I am a firm believer that each person must carry their own load in life, with the help of others as needed. As the saying goes, "Everybody's got something," and there are plenty of people who would gladly trade their problems for mine. I've met a surprising number of people who tell me with great sincerity that they wish they had been adopted into another family.

But, circumstances around individual upbringings aside, there is something deeper that "weighs down" in the soul, as Foy Vance wrote in his lyric. Something about the sins of the fathers and the pain of our mothers (or vice versa) goes far beyond the injustice and shame implicit in sealed adoption records. It is something visceral, implanted in our hearts and minds like a microchip, a pulsating signal emanating from our DNA that asks, "To what degree am I like them? What would I have done in their situation? What if I don't like the possible answers to the questions, however speculative they may be? Am I a 'bad seed' doomed to repeat their mistakes?" Or worse yet, "has God placed a target on my back as He waits to 'visit the sins of the fathers on the children to the third and fourth generation'?"

To let go of the weighty boulder we push up the mountain is to risk being flattened by it. But to continue to embrace the false, burdensome mission imposed upon us by the mysterious, sometimes unsavory or even violent circumstances of our conception and birth is to consign ourselves to a lifelong burden and punishment for something in which we adoptees are completely innocent.

The consequences and -- in many cases -- subsequent blessings that came into adoptees' lives were not caused by us, and therefore do not fall on our shoulders. However, responsibility for our own self-sabotage and self-destructive behaviors as a result of believing the wicked, false whispers that attack our minds and souls regarding our worth and worthiness to exist does.

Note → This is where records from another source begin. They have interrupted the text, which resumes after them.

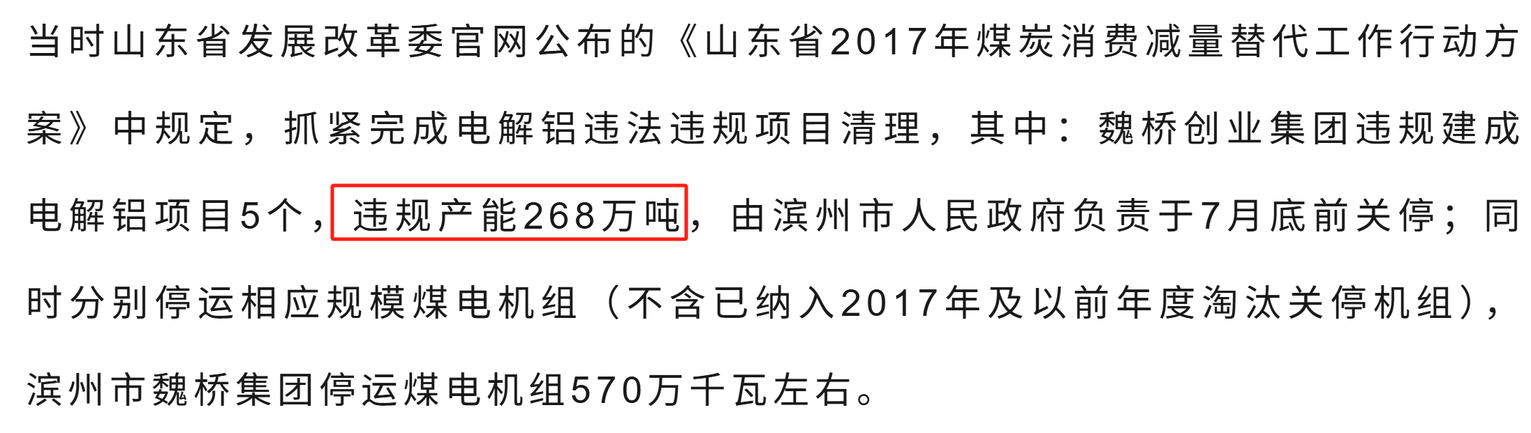 翻看当年的新闻稿,可以知道2017,2018年的时候,因为供给侧改革,中国宏桥也有200多万的产能因为违规,被关停了。
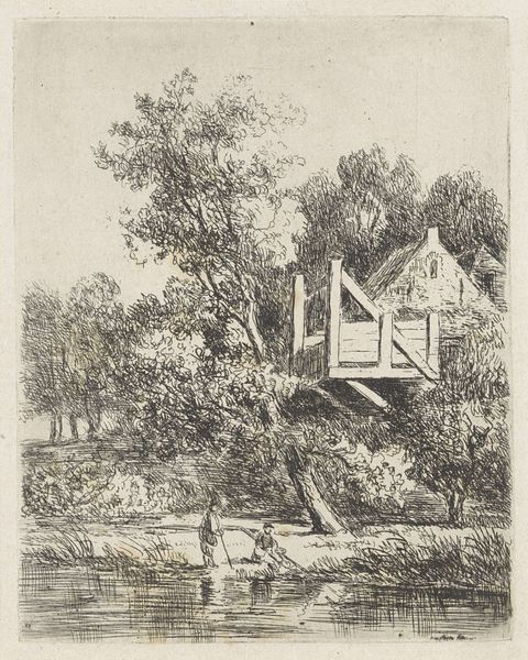 Editor: This etching, "Landschap met waterleiding" or "Landscape with water pipe", is by Reinierus Albertus Ludovicus baron van Isendoorn à Blois and was made sometime between 1796 and 1856. The landscape feels quiet and a little melancholic. What do you see in this piece? Curator: I am immediately drawn to the architectural elements – the water pipe, of course, but also the house-like structure it seems to feed. They speak to me of human intervention in nature. There's a delicate balance, isn't there? We see technology being inserted into an otherwise pastoral scene. Do you find this placement jarring? Editor: Not jarring exactly, but it does feel a bit like the technology is imposing on nature. Is there any cultural context that speaks to this dynamic? Curator: Certainly. Remember this was during the early stages of the Industrial Revolution, a time of enormous shifts in humanity's relationship with the natural world. Water, of course, has always been symbolic - cleansing, life-giving - but now it's being harnessed in new and powerful ways. This image suggests both promise and potential discord. The way the landscape cradles the building and the pipes speaks to a gentler view, but the pipes also obstruct views in the landscape. Editor: So the artist is showing both the advantages and disadvantages of using technology within the landscape. Are the trees meant to mean something too? Curator: Yes, note the different types of trees used. The evergreens pointing up to the sky could symbolize an aspiration to some eternal truth or paradise, in contrast to the human constructs within the artwork. Do you think that reinforces the relationship between humans and nature that we discussed? Editor: Definitely! I hadn’t thought about it that way, but that makes perfect sense. Curator: It's fascinating how such a seemingly simple scene can hold so much cultural memory, don’t you think? It's like the landscape itself is a stage for this ongoing drama.
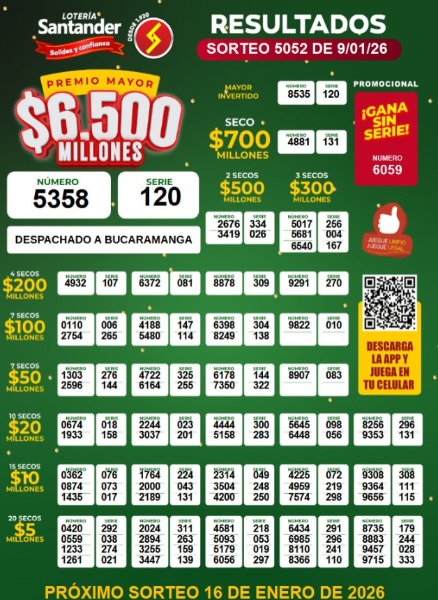 También está la Lotería de Santander, que sortea 6 mil 500 millones de pesos ($ 6.500.000.000) de premio mayor y todos estos premios secos:
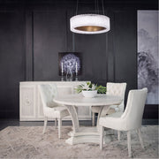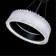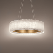 Behold a symphony of grace in the curtains as crafted by artists to capture movement when viewed from different angles. The dimensional inlaid design will finely suit a luxurious space. This showstopping pendant reveals an elegant presence visible to all.

What if, this year, we decide to throw off the toxic lead blanket of our fathers' sins and our mothers' pain?

What if, this year, we decide to embrace the belief that the very fact that we are here means that there is an excellent chance we are supposed to be here?

What if, this year, we decide to stop (or at least minimize) recapitulating and obsessing on past trauma, and take ownership of our immense power to create our own stories instead of allowing ourselves to be defined by theirs? It's never too late to make a shift.

What if, this year, we decide to accept the things about the past which we cannot change, treat ourselves with respect, and integrate the gifts with which we have been blessed through both nature and nurture? It's easier said than done, but try taking a first step.

The mere fact of our existence did not destroy someone else's life, as I've been tempted to believe. As one therapist put it to me, "You were a baby. You didn't have that much power over their lives, but you've given their stories far too much power over your life." Wait -- what?!?

The ambiguous, visceral melancholy of Mothers' and Fathers' Day may never completely go away. But we don't have to keep rolling the boulder up the mountain. We don't have to just stand there in the ring, taking punches to (or punching ourselves in) the gut -- unless we choose to do so.